Мама с дочкой улыбались.
— Все равно, — рассудительно возражал Самунин. — Ваш край.
Ему нравилось беседовать с нею о чем угодно, пусть даже самый пустой разговор шел — все равно хорошо. Приятно было замечать, что и ей беседа с ним в удовольствие, во всяком случае это она обычно заговаривала. Легкий у нее характер. С кем угодно разговорится — и со знакомым и с незнакомым.

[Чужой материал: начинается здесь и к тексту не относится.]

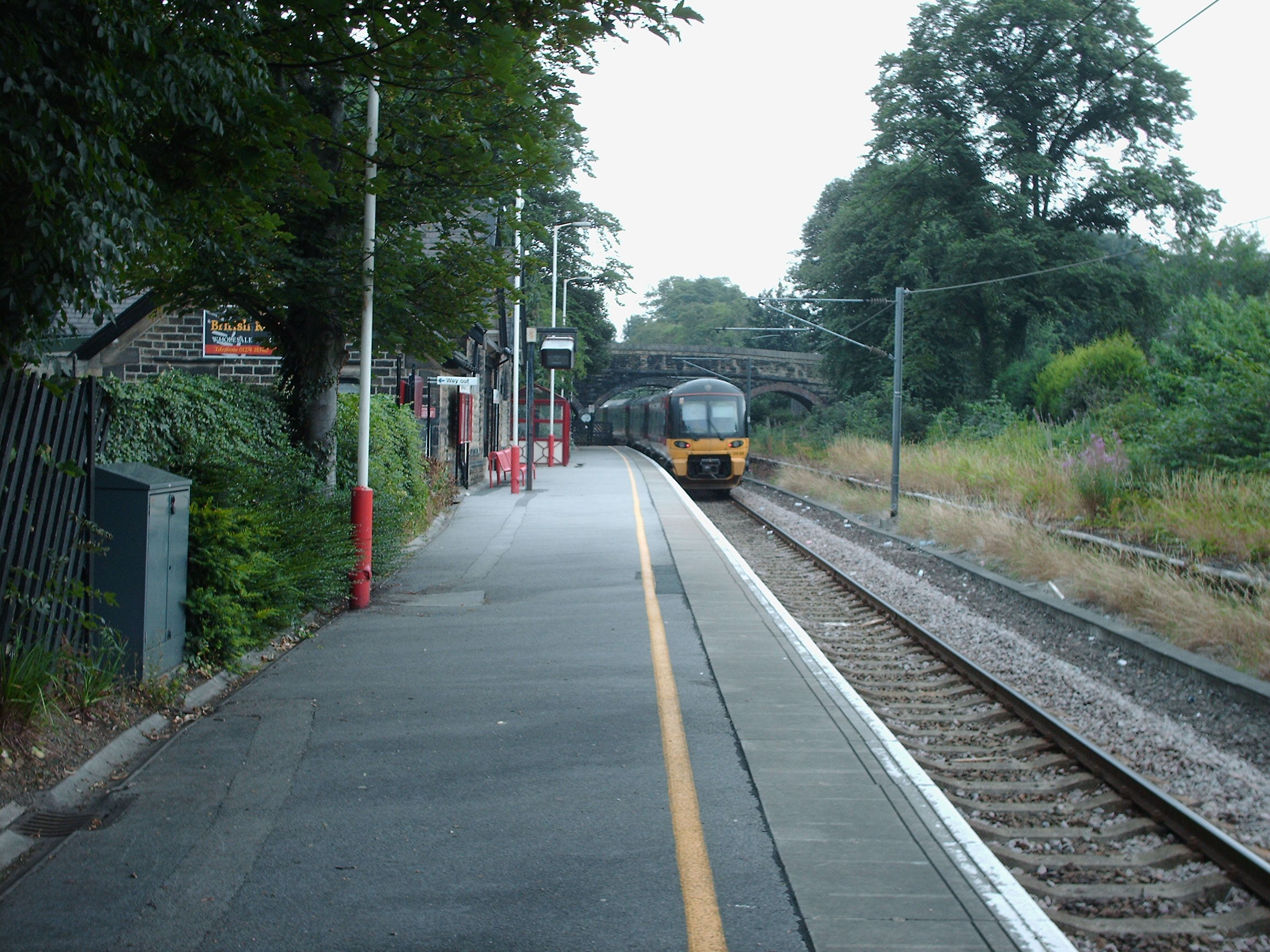 Baildon railway station, West Yorkshire, England. EMU 333009 departing.

Андрей Петрович чувствовал, что присутствие этой женщины странным образом преображает, молодит его. Он был готов на всякие глупости, лишь бы видеть ее полное, улыбающееся лицо и слышать ее смех. Лишь бы она не отвлекалась на что-нибудь, не отходила. Сначала эту легкость духа, эту прямо-таки юношескую грацию в самом себе, в своих движениях Андрей Петрович отнес за счет южного климата, отдыха. Но это было не так. Он томился и скучал, тяготился бездельем, если не видел поблизости Оксану Васильевну. А если она была рядом или просто в поле его зрения, он оживал. А если они уже разговаривали, Андрей Петрович и вовсе преображался: из солидного, серьезного мужчины превращался в несерьезного и несолидного, говорливого и шутливого, — по крайней мере, так ему казалось. «Надо быть посдержанней», — упрекал он сам себя.

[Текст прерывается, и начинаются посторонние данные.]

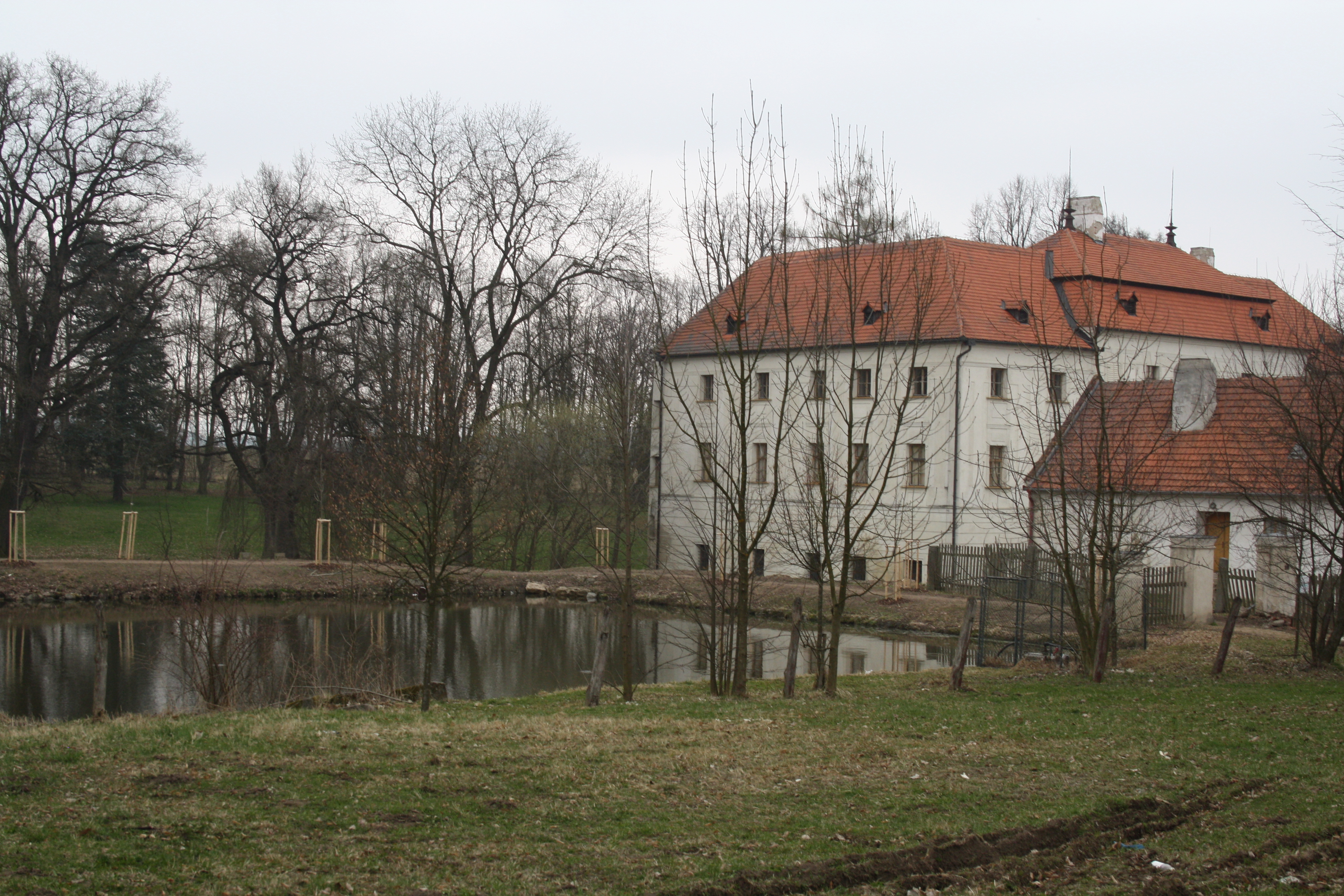 Pond near Budišov Chateau.

Впрочем, при всем том ни разу не возникло у него игривой мыслишки насчет ее и себя. Он был очень уравновешенный и добродушный человек, который никогда не позволит себе ничего. Есть она — и как хорошо, что она есть! Нет ее — плохо, но что делать! Увы!.. И — только. Никаких дерзких личных планов, никакого полета мечты не должно быть у человека с положением, семейного, не дурака…
Что касается Оксаны Васильевны, то она была с ним очень дружелюбна, очень ласкова, но такой она была со всеми. «Она не из тех… легкомысленных. Не из вертихвосток, — думал он с удовлетворением. — Очень серьезная женщина… с дочерью».